## PROBLEM TO SOLVE
Restate word for word the lines below that run from the one holding "彩度標號從05~50十等分延" through the one holding "Hind later said", inclusive. Pictures don't belong in the copy.

** RECORDS FOR THIS EXERCISE follows **

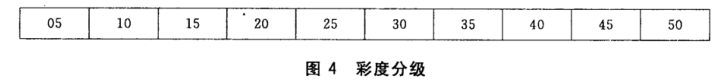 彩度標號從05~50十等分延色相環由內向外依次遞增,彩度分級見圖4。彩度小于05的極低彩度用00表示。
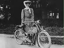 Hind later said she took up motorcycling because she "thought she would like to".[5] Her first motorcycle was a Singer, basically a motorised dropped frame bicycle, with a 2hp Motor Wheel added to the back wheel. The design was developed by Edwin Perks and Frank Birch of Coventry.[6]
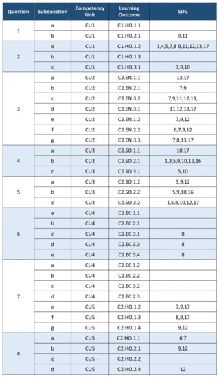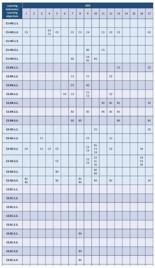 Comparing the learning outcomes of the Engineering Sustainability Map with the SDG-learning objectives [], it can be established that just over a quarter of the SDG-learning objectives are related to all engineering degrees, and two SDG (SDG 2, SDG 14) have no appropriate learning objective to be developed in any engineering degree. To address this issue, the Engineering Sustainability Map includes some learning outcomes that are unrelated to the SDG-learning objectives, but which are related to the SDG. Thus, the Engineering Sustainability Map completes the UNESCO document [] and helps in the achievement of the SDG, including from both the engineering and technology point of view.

** End of RECORDS FOR THIS EXERCISE **
** RECORDS FOR THIS EXERCISE follows **

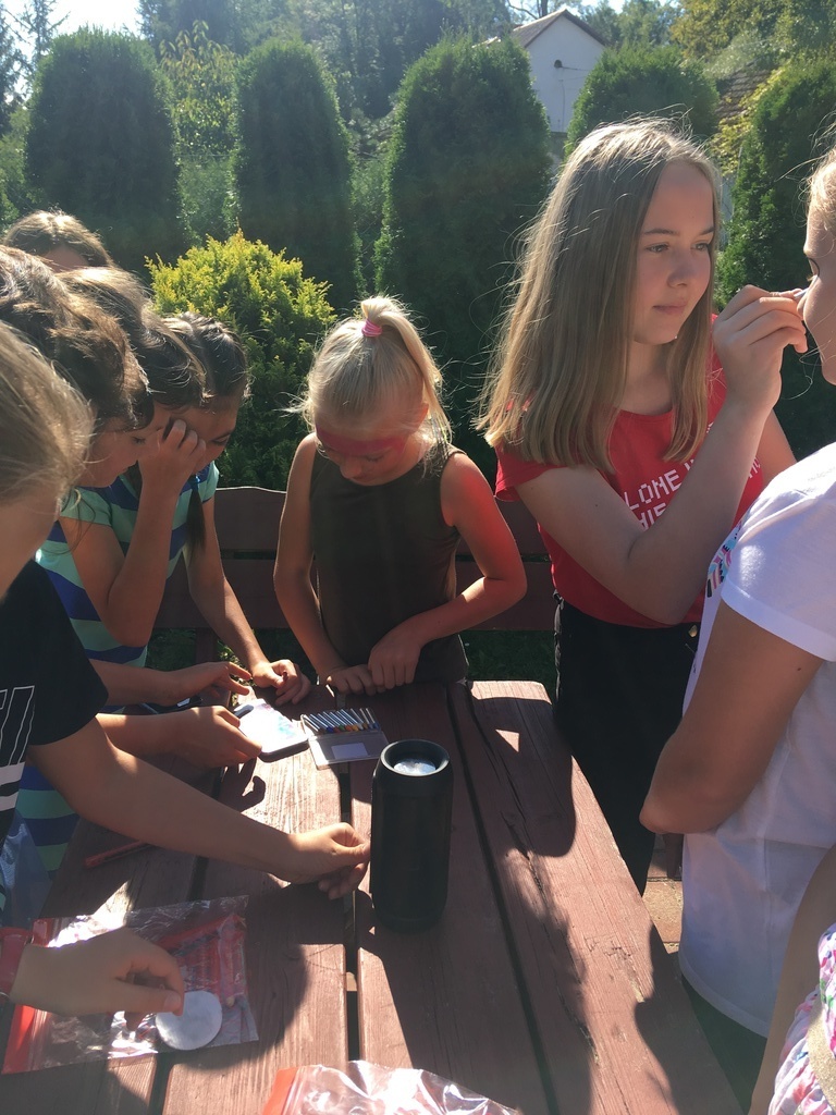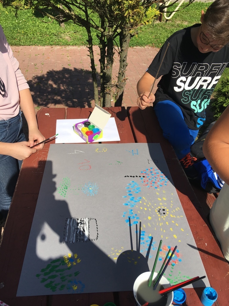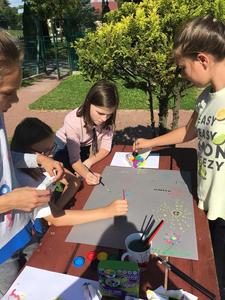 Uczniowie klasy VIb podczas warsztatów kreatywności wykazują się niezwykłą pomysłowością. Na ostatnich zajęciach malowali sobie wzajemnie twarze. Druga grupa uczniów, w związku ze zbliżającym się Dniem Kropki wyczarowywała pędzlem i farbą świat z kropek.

** End of RECORDS FOR THIS EXERCISE **
** RECORDS FOR THIS EXERCISE follows **

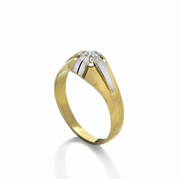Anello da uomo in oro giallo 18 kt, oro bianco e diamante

** End of RECORDS FOR THIS EXERCISE **

## ANSWER BELOW
 彩度標號從05~50十等分延色相環由內向外依次遞增,彩度分級見圖4。彩度小于05的極低彩度用00表示。
 Hind later said she took up motorcycling because she "thought she would like to".[5] Her first motorcycle was a Singer, basically a motorised dropped frame bicycle, with a 2hp Motor Wheel added to the back wheel. The design was developed by Edwin Perks and Frank Birch of Coventry.[6]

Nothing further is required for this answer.